Down Syndrome Critical Region (DSCR1) is a gene located on human chromosome 21 and has been implicated in such disease models as Alzheimer's and Down Syndrome. The protein encoded by DSCR1 (MCIP1) and its homologue in yeast were shown to bind and inhibit the protein phosphatase calcineurin. In addition, members of this protein family, termed calcipressins, were transcriptionally regulated by calcineurin, forming a conserved negative feedback inhibition loop. Recently, a study in which MCIP1 was overexpressed in cardiac hypertrophic hearts of mice showed specific inhibition of hypertrophic conditions, suggesting alternative treatment methods of cardiac hypertrophy using this endogenous inhibitor of calcineurin. In light of these observations, we sought to characterize
rcn-1, the DSCR1 homologue in C. elegans.

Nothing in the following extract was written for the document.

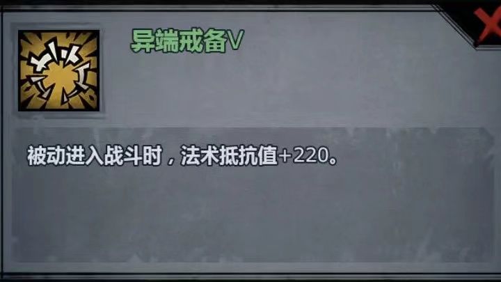 - 异端戒备5,圣堂技能,高额法术抵抗(面对满级角色,175抵抗值可转化出100%抵抗率,溢出抵抗率可以1:1转化为法术免伤),不必要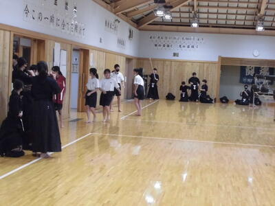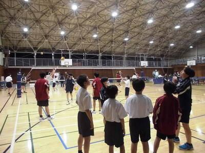 体育館ではバレー部(男子)が多くの一年生が参加しており、上級生から丁寧に指導していました。

rcn-1 is expressed throughout embryonic stages to adulthood in hypodermal cells, nerve cords and various neurons throughout the body, vulva epithelial cells, marginal cells of the pharynx, and diagonal muscle, sensory rays, and spicules of the male tail. Observations of
rcn-1 expression by GFP and RT-PCR analysis in calcineurin mutant backgrounds suggest that
rcn-1 may be upregulated by calcineurin activity. RCN-1 specifically binds to calcineurin A from C. elegans lysate in a calcium-dependent manner, and potently inhibits bovine calcineurin phosphatase activity dose-dependently confirming its conserved role as a calcipressin. Calcineurin promoter-driven RCN-1 overexpression in wild-type animals results in calcineurin-deficient phenotypes such as small body size, cuticle defects, fertility defects, slow growth, and serotonin-resistant egg-laying defects. In addition, a consitutively active calcineurin A mutant,
cna-1(gf), was isolated by target-selected mutagenesis, and showed hyperactive serotonin-mediated egg laying. Calcineurin promoter-driven RCN-1 overexpression in
cna-1(gf) animals restored the abnormal egg-laying response to normal serotonin-mediated egg laying levels. These results confirm a potent and specific inhibition of calcineurin in vitro and in vivo.